---------- Records shown ----------

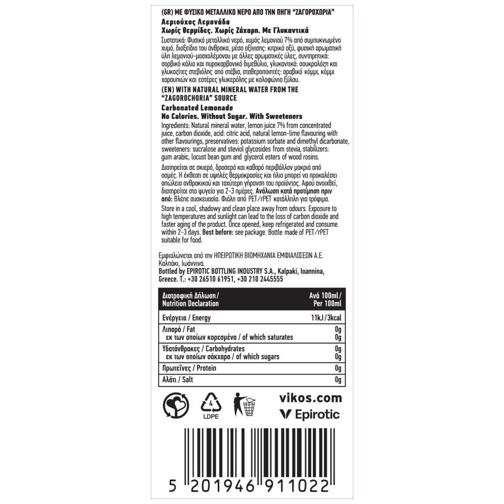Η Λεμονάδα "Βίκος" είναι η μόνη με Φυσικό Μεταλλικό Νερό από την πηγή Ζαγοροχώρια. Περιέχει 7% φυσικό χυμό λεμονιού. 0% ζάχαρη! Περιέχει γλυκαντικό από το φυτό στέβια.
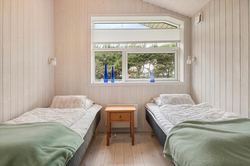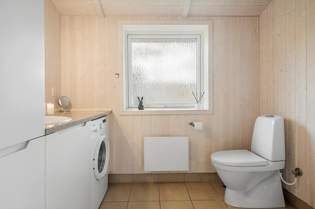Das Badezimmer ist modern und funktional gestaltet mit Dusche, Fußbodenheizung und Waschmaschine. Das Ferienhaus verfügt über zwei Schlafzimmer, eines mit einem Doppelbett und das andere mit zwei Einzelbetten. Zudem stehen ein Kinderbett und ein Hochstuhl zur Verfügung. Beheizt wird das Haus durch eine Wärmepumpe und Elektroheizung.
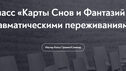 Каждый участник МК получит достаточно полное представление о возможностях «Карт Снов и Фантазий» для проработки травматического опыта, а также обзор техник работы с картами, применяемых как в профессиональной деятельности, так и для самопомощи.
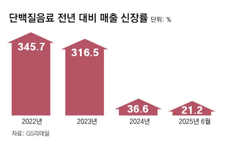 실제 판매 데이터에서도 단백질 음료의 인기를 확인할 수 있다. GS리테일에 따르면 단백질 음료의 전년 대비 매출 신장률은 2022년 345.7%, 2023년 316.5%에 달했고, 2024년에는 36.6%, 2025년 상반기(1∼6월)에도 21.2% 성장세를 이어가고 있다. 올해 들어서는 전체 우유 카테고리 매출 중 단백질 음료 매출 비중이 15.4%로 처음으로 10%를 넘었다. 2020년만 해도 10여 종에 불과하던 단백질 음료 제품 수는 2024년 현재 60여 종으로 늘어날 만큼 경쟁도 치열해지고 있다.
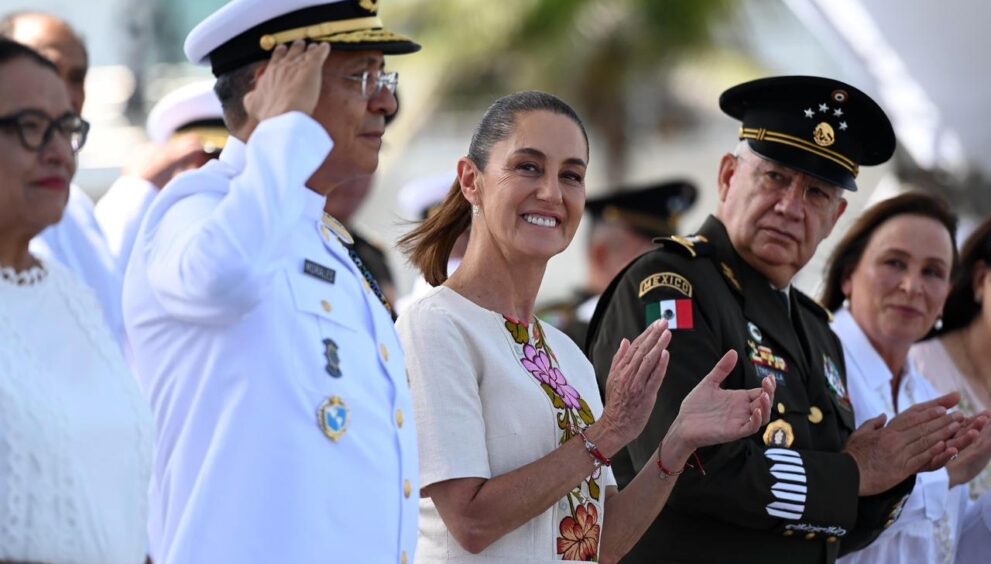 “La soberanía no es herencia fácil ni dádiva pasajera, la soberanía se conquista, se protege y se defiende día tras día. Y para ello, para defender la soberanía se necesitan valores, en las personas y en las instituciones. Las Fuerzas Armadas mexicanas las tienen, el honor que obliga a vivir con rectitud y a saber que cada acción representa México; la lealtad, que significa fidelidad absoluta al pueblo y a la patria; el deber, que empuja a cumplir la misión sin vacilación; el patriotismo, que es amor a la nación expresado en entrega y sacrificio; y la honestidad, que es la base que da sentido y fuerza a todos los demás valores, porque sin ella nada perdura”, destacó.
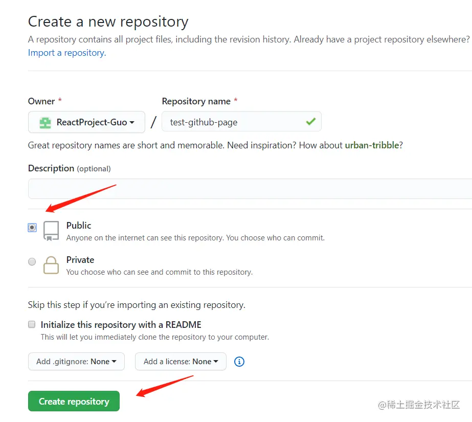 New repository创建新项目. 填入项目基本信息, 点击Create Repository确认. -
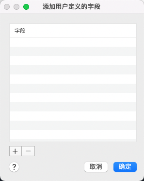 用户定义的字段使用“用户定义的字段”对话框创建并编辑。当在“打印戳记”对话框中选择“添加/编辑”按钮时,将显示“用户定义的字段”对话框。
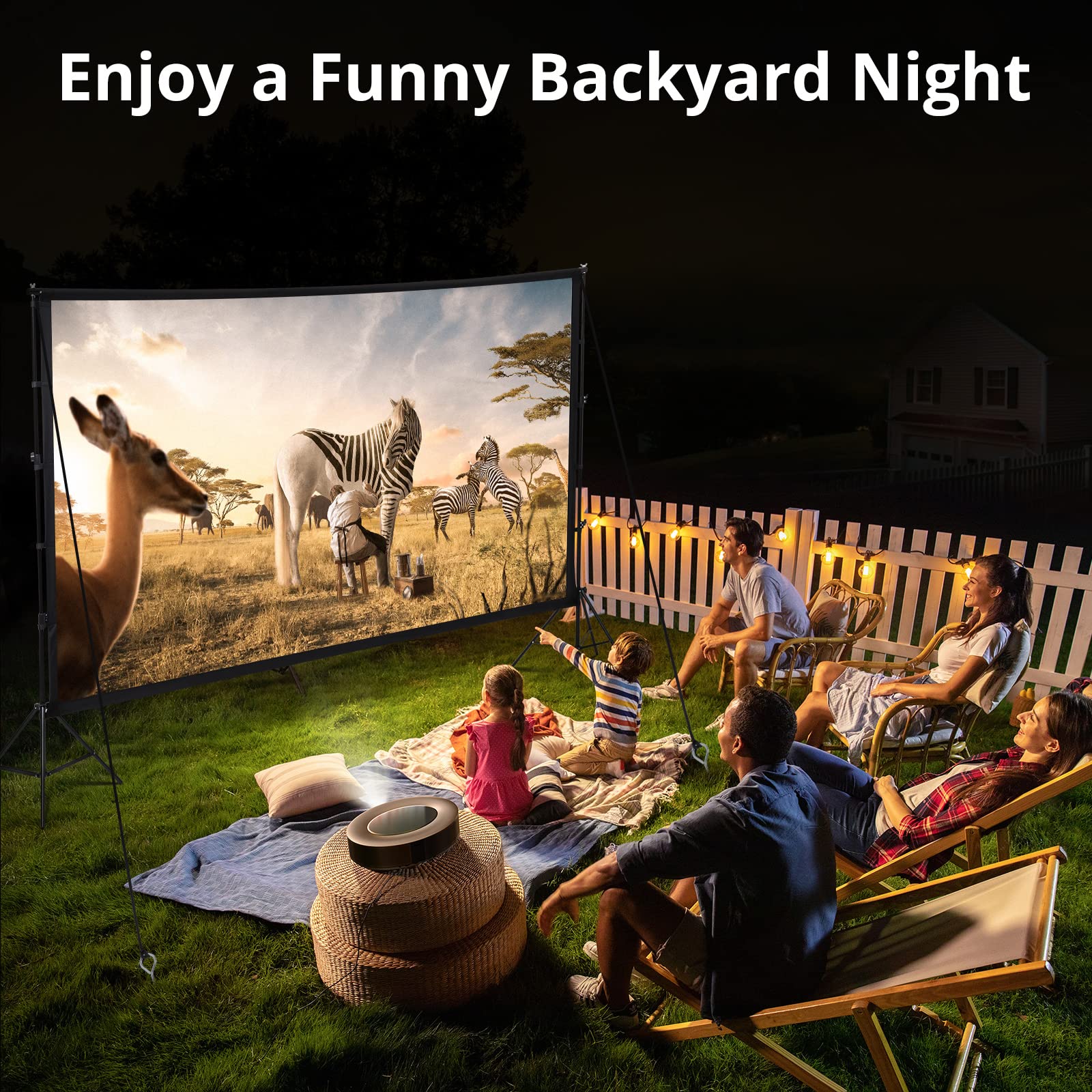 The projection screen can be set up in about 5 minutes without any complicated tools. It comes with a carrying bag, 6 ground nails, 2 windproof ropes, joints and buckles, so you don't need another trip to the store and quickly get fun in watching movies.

----------

• Work instructions: Print the lines from the one holding "New repository创建新项目. 填入项目基本信息, 点击Create" through the last line of the records, word for word, and omit the pictures.

• Written response:
 New repository创建新项目. 填入项目基本信息, 点击Create Repository确认. -
 用户定义的字段使用“用户定义的字段”对话框创建并编辑。当在“打印戳记”对话框中选择“添加/编辑”按钮时,将显示“用户定义的字段”对话框。
 The projection screen can be set up in about 5 minutes without any complicated tools. It comes with a carrying bag, 6 ground nails, 2 windproof ropes, joints and buckles, so you don't need another trip to the store and quickly get fun in watching movies.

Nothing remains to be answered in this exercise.